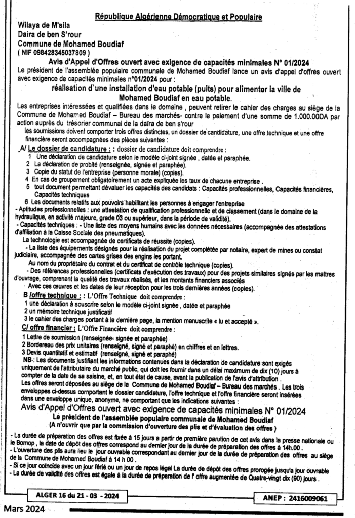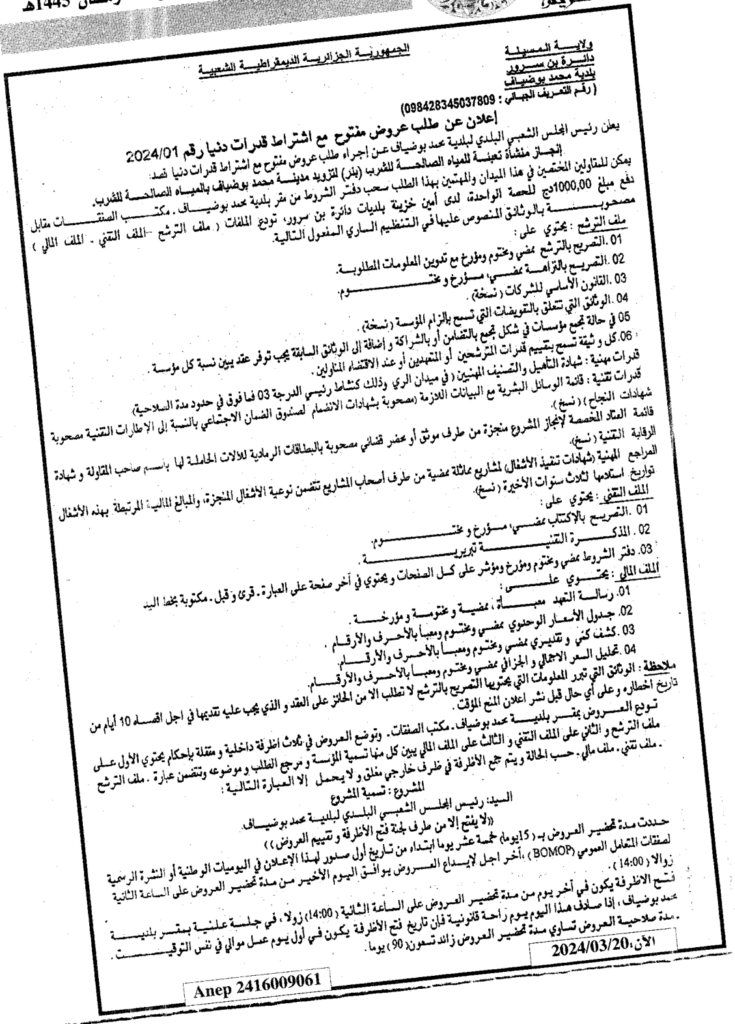 إعلان عن طلب عروض مفتوح 2024/01 بلدية محمد بوضياف
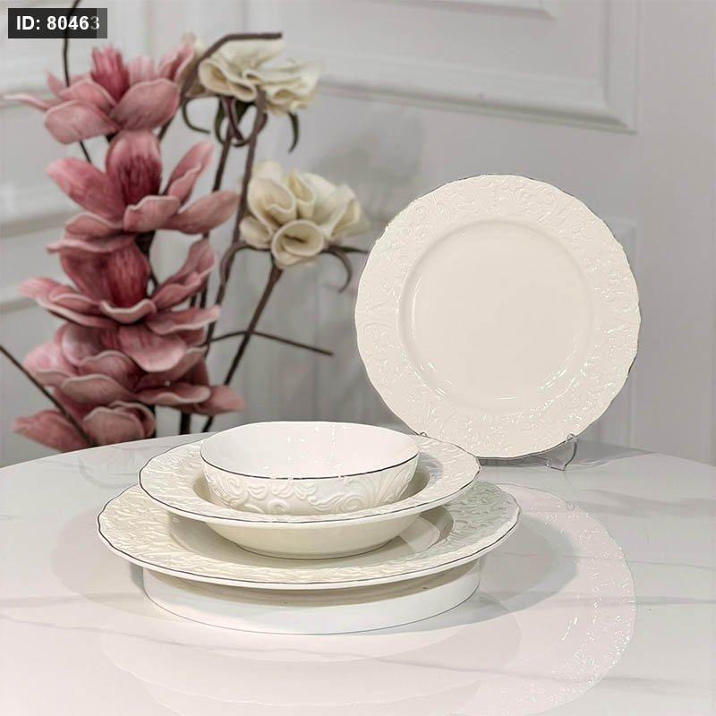 طقم صحون 24 قطعه بورسلان ابيض اطار مزخرف ورق حيف ذهبي JMD0569++ع6
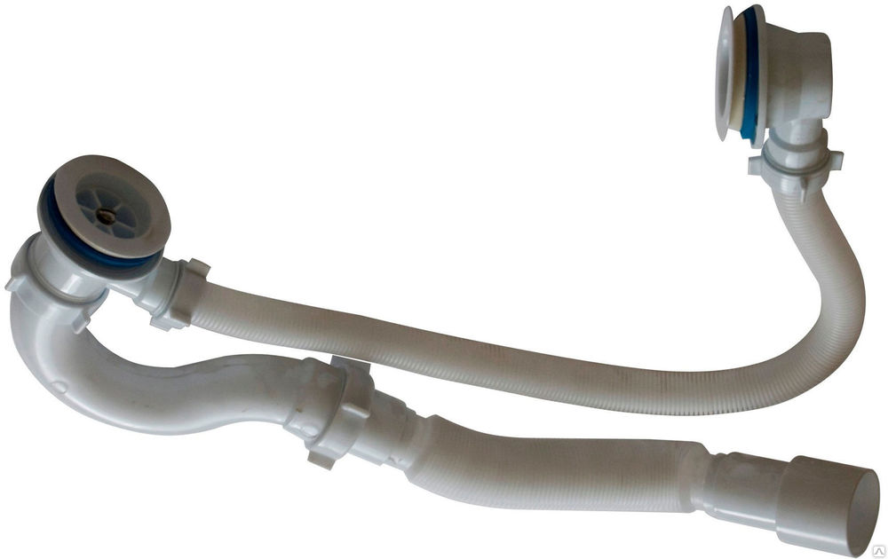 Сифон для ванны трубный с пробкой 1 1/2x40 с гофрой 40х40/50 выпуск с пласт. реш. Орио А-70089
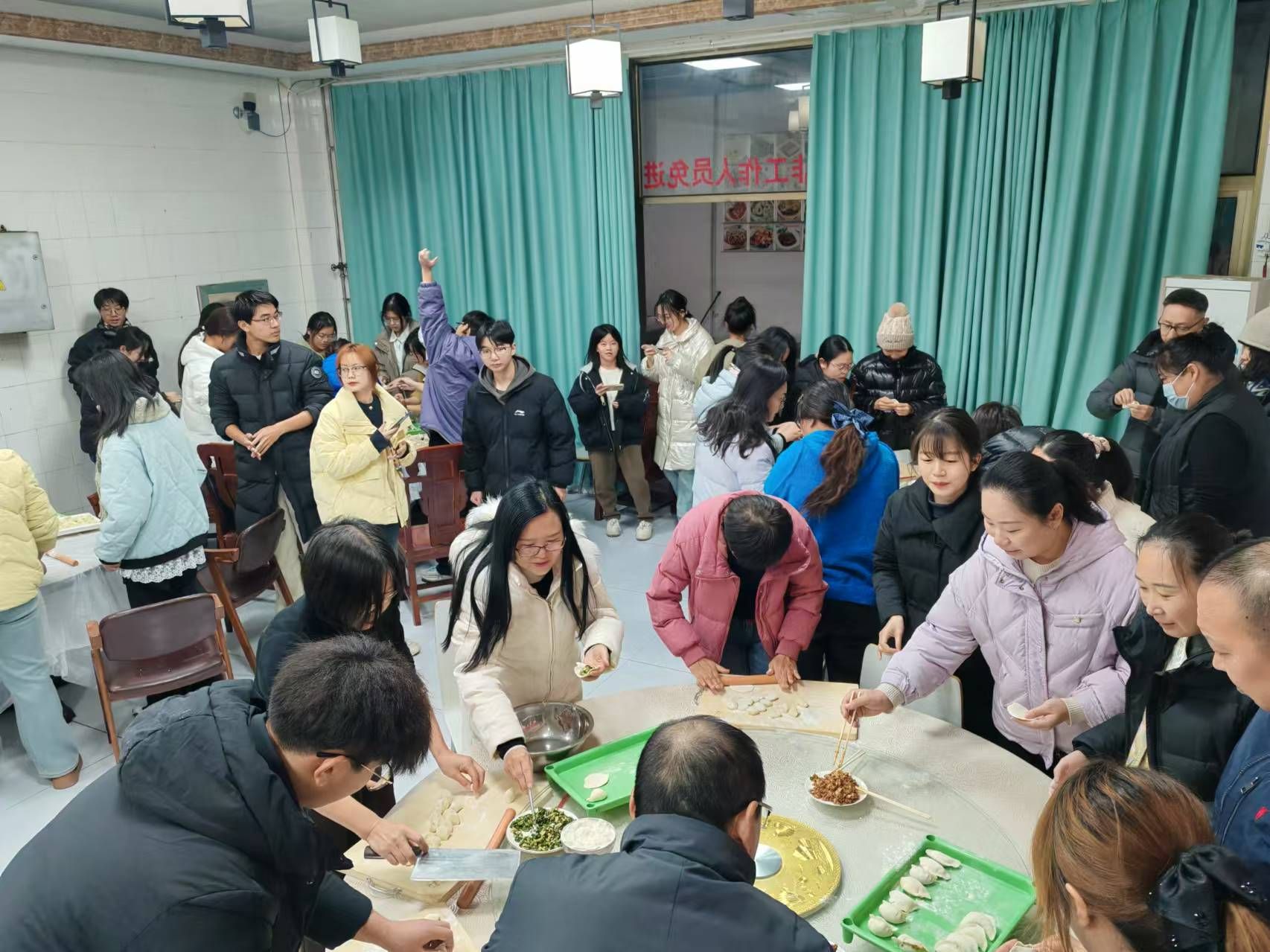 活动开始前,餐厅员工们早早的为师生准备好了包饺子用的馅料、面皮和工具。室外寒风凛冽,室内暖意融融。活动伊始,学院工会主席、学院党委王国辉书记首先为大家普及了节气知识,让大家再次感受中国传统文化的魅力。紧接着就到了师生们大显身手的时间,铺桌子的铺桌子、和馅的和馅、揉面的揉面,不一会儿浓香扑鼻的馅料,柔软白糯的面团就呈现在大家面前,包饺子不仅是一项“技术活”,更需要团结协作。活动中,大家纷纷拿出看家本领,聊着家常,欢快地擀皮,只见轻轻一攥,胖胖的饺子便整整齐齐的排好了队,不一会的功夫,皮薄馅大的饺子便摆满了整个桌子。大家在欢乐、温馨的气氛中大显身手,每个人的脸上都洋溢着灿烂的笑容。在欢声笑语中,师生们分享着包饺子的技巧和心得,互相交流着生活趣事,场面温馨而祥和,在WilliamHill中文分工会这个大家庭中,饺子似乎更有了一股“家”的味道。
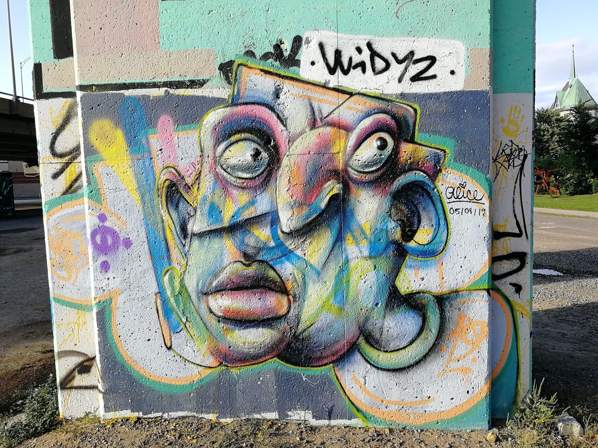 L’oeuvre est de type graffiti. Vous pouvez l’admirer dans la ville de Québec en Canada et plus précisément ici : 400-450 Rue de l'Éperon, Québec, QC G1K 8T2, Canada.

________________________________________

Exercise aim: Print the full listing above again with exact wording and no images.

Output:
 إعلان عن طلب عروض مفتوح 2024/01 بلدية محمد بوضياف
 طقم صحون 24 قطعه بورسلان ابيض اطار مزخرف ورق حيف ذهبي JMD0569++ع6
 Сифон для ванны трубный с пробкой 1 1/2x40 с гофрой 40х40/50 выпуск с пласт. реш. Орио А-70089
 活动开始前,餐厅员工们早早的为师生准备好了包饺子用的馅料、面皮和工具。室外寒风凛冽,室内暖意融融。活动伊始,学院工会主席、学院党委王国辉书记首先为大家普及了节气知识,让大家再次感受中国传统文化的魅力。紧接着就到了师生们大显身手的时间,铺桌子的铺桌子、和馅的和馅、揉面的揉面,不一会儿浓香扑鼻的馅料,柔软白糯的面团就呈现在大家面前,包饺子不仅是一项“技术活”,更需要团结协作。活动中,大家纷纷拿出看家本领,聊着家常,欢快地擀皮,只见轻轻一攥,胖胖的饺子便整整齐齐的排好了队,不一会的功夫,皮薄馅大的饺子便摆满了整个桌子。大家在欢乐、温馨的气氛中大显身手,每个人的脸上都洋溢着灿烂的笑容。在欢声笑语中,师生们分享着包饺子的技巧和心得,互相交流着生活趣事,场面温馨而祥和,在WilliamHill中文分工会这个大家庭中,饺子似乎更有了一股“家”的味道。
 L’oeuvre est de type graffiti. Vous pouvez l’admirer dans la ville de Québec en Canada et plus précisément ici : 400-450 Rue de l'Éperon, Québec, QC G1K 8T2, Canada.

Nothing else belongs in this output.